Data Integrity and the Hash Chain

Every stage of the extraction pipeline produces files that depend on the output of the previous stage. The XML produces the extraction, the extraction produces the embeddings, and the embeddings enable semantic search. But what happens if you re-download the XML, or re-extract with a different model? The downstream files become stale — they were built from data that no longer matches.

The hash chain is a simple mechanism that detects this staleness automatically. Each downstream artifact records the SHA-256 hash of the input it was built from. When you run a command that uses those artifacts, the tool recomputes the hash and compares. If they don’t match, you get a warning.

The Chain

BILLS-*.xml ──sha256──▶ metadata.json (source_xml_sha256)
                              │
extraction.json ──sha256──▶ bill_meta.json (extraction_sha256)
extraction.json ──sha256──▶ embeddings.json (extraction_sha256)
                              │
vectors.bin ──sha256──▶ embeddings.json (vectors_sha256)

Four links, each connecting an input to the artifact that records its hash:

Link 1: Source XML → Metadata

When extraction runs, it computes the SHA-256 hash of the source XML file (BILLS-*.xml) and stores it in metadata.json:

{
  "model": "claude-opus-4-6",
  "source_xml_sha256": "a3f7b2c4e8d1..."
}

If someone re-downloads the XML (perhaps a corrected version was published), the hash in metadata.json no longer matches the file on disk. This tells you the extraction was built from a different version of the source.

Link 2: Extraction → Embeddings

When embeddings are generated, the SHA-256 hash of extraction.json is stored in embeddings.json:

{
  "schema_version": "1.0",
  "model": "text-embedding-3-large",
  "dimensions": 3072,
  "count": 2364,
  "extraction_sha256": "b5d9e1f3a7c2...",
  "vectors_file": "vectors.bin",
  "vectors_sha256": "c8f2a4b6d0e3..."
}

If you re-extract the bill (with a different model, or after a prompt improvement), the new extraction.json has a different hash than what embeddings.json recorded. The provisions may have changed — different provision count, different classifications, different text — but the embedding vectors still correspond to the old provisions.

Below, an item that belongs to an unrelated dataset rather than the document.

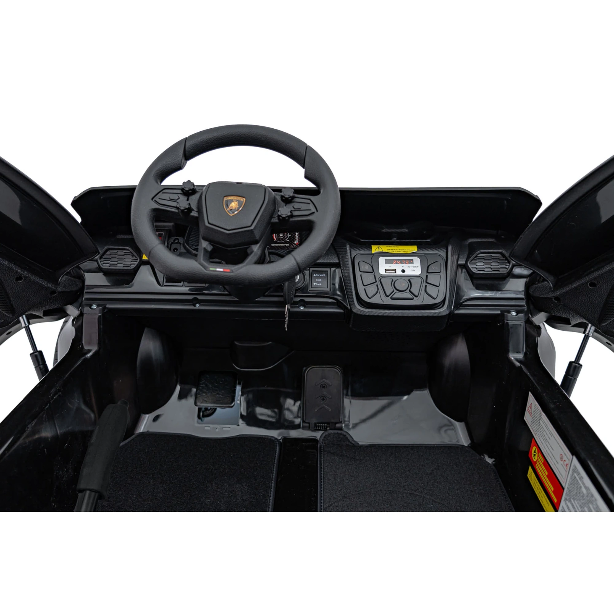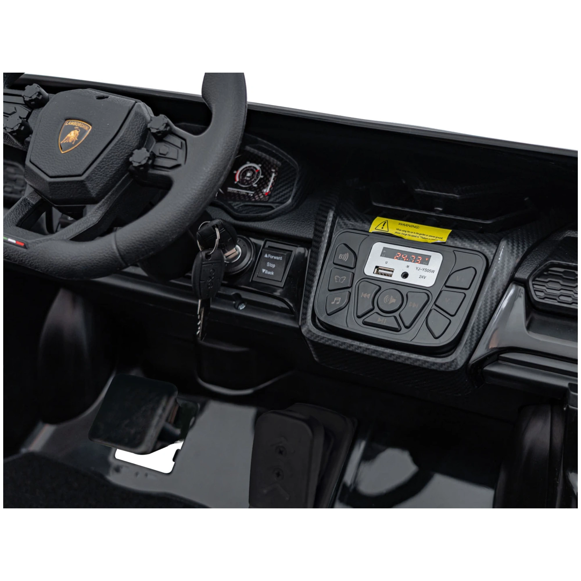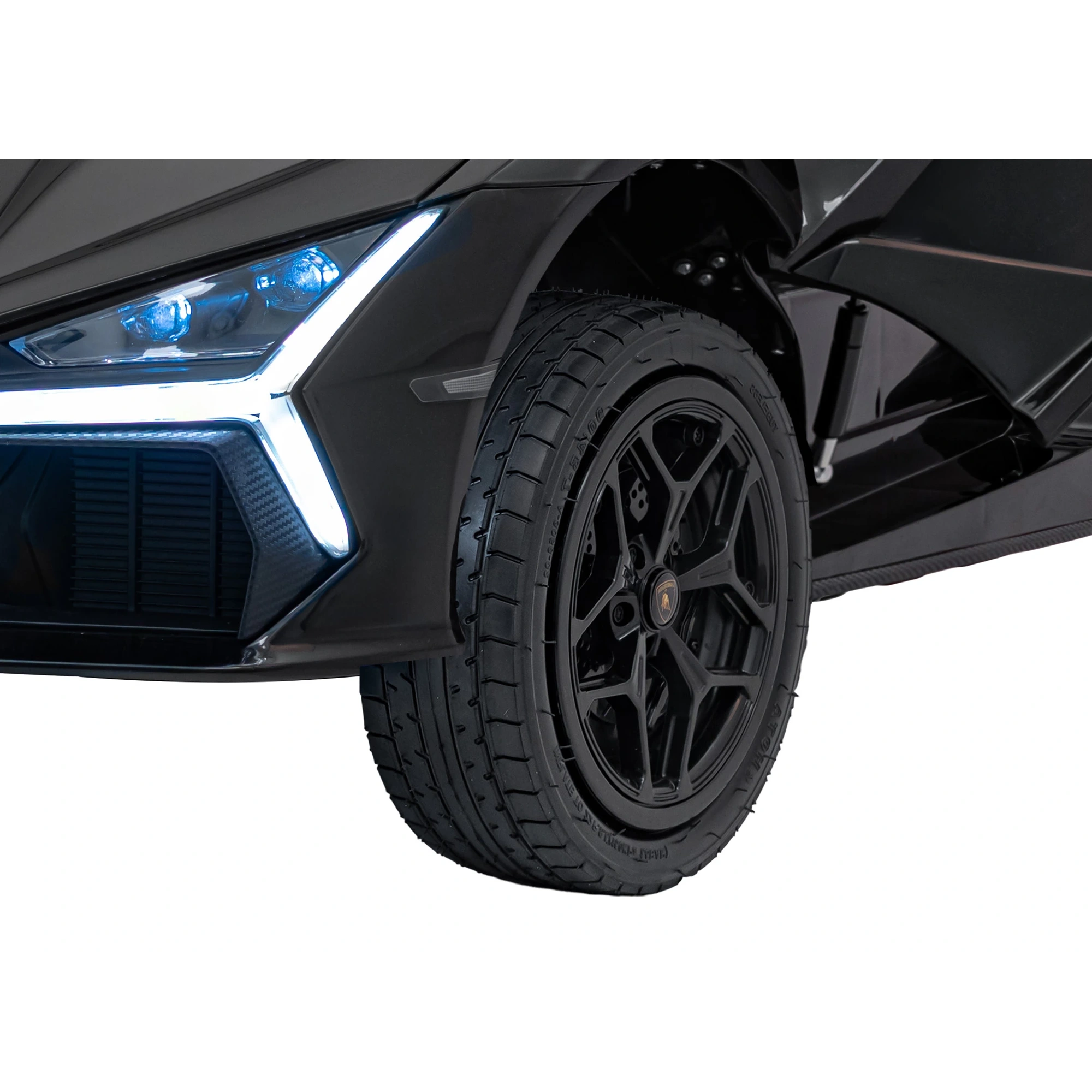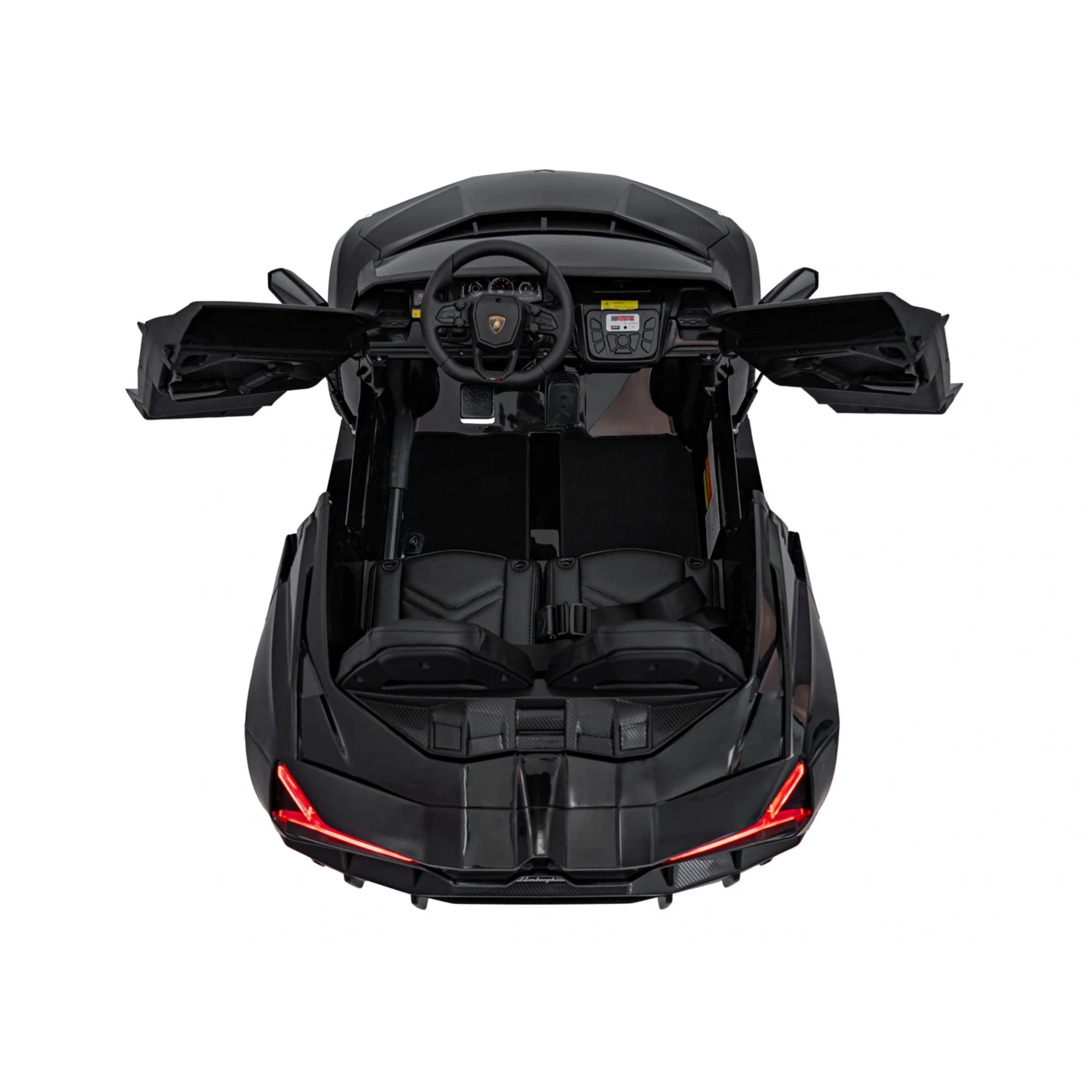 Autko na akumulator klasy premium - Lamborghini Revuelto XL STRONG z profesjonalnym bez szczotkowym silnikiem napędowym o mocy 200W 24V rozpędzające pojazd do 15km/h!. Autko jest co prawda nieco mniejsze niż jego kolega z podobnym silnikiem (Avenator) ale i tak sprawie świetne wrażenie swoją wielkością pozwalając na niezapomnianą zabawę młodszym kierowcom.
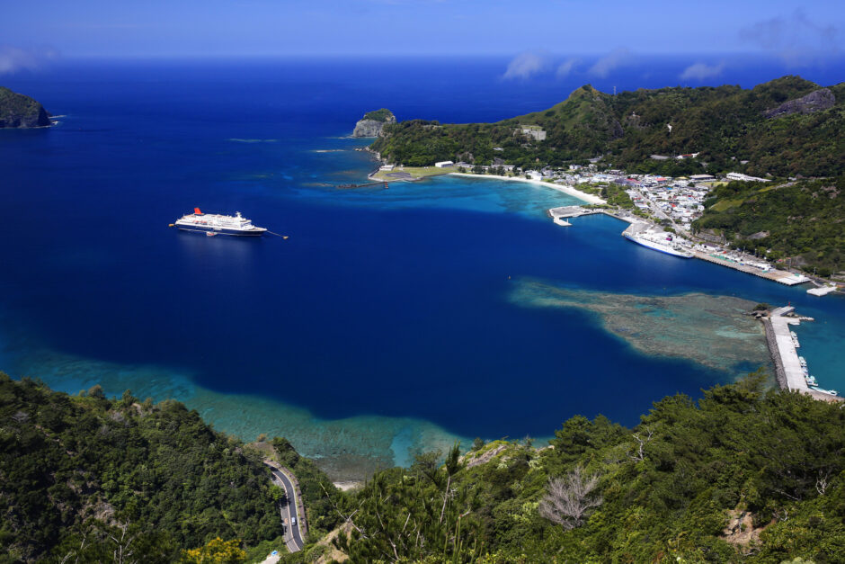 オプショナルツアー参加が一般的ですが、上陸地点となる二見港周辺は「大村」と呼ばれる島の中心地で、飲食店や土産物店、宿泊施設が密集しており、徒歩だけでも十分に島の雰囲気を感じられます。島の奥深くにある展望台やビーチを目指すなら、レンタルバイクやレンタカーが必須。島内には急坂が多いため、50ccの原付バイクが最も機動力のある足として人気です。村営バスも運行されていますが、本数が限られているため、自由度の高い移動手段を確保するのが島を満喫するコツです。

Link 3: Vectors → Embeddings

The SHA-256 hash of vectors.bin is also stored in embeddings.json. This is an integrity check: if the binary file is corrupted, truncated, or replaced, the hash mismatch is detected.

How Staleness Detection Works

The staleness.rs module implements the checking logic. It’s called by commands that depend on embeddings — primarily search --semantic and search --similar.

What happens on every query

1. The tool loads extraction.json for each bill
2. If the command uses embeddings, it loads embeddings.json for each bill
3. It computes the SHA-256 hash of the current extraction.json on disk
4. It compares that hash to the extraction_sha256 stored in embeddings.json
5. If they differ, it prints a warning to stderr

The warning

⚠ H.R. 4366: embeddings are stale (extraction.json has changed)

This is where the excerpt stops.